Member-only story

Halfway up a Mountain

A memory

Chris Noonan
5 min readAug 31, 2021
Photo by Wes Hicks on Unsplash

I climbed a mountain once, only partway, high enough that the snow grew thick underfoot and the skiers whisked down the slope. It had started out as a walk from the chalet, but soon became something more.

I’d arrived the night before, a passenger on a well-lit bus unable to even glimpse what we were passing by. At the hotel, heavy snow fell around orange lamps concealing where I was and hiding any hint of what I was soon to see.

When I opened my curtains, in the morning, I was temporarily confused, unsure what I was seeing. These enormous lumps of shadow crested in white were lurking around the edges of a frozen lake, the lower reaches shrouded in pine trees before disappearing into the clouds. When I asked if that was the peak my companions laughed and said that was only the beginning.
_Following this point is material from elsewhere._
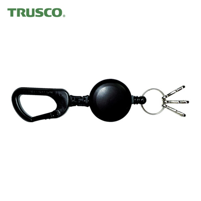 TRUSCO キーホルダ|特長:カラビナと一体化した伸縮自在のコードがついている便利なキーホルダです。 キーリング付です。 カラビナと一体化した伸縮自在のリールです。
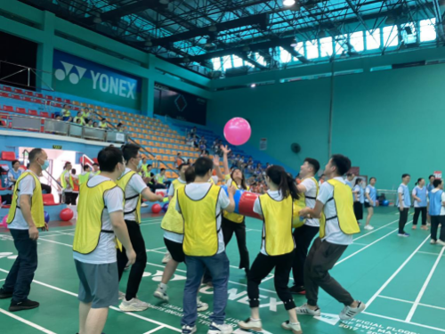 活动中,参加活动的金花街道干部职工分成六支参赛队伍,他们英姿飒爽、昂首挺立,坚定有力地喊着队伍的口号,声音响彻了整个体育馆,充分展现着金花街道高质量全面发展“答卷人”的精神风貌。在工作人员的指引下,各队有条不紊地开始了比赛。这次活动设乒乓球接力、圈圈到底、心心相印和众星捧月四个比赛项目。比赛中,队长运筹帷幄,场上的队员肆意挥洒汗水,场外的队员热情呐喊助威。干部职工们在比赛中竞争,在比赛中协作,在比赛中享受青春活力的肆意张扬。

They weighed on me as I waved my friends off, bedecked in all their gear, ready for a day on the slopes while I stayed in the valley, content or so I thought, to explore the town and read a book or two. I went back in and sat by a window to think and plan my day. I read a book, browsed the leaflets in the foyer, drank some coffee and tried all the while to ignore the shadows as they grew. My glances became more frequent, and I soon became obsessed with what was up there that I couldn’t see.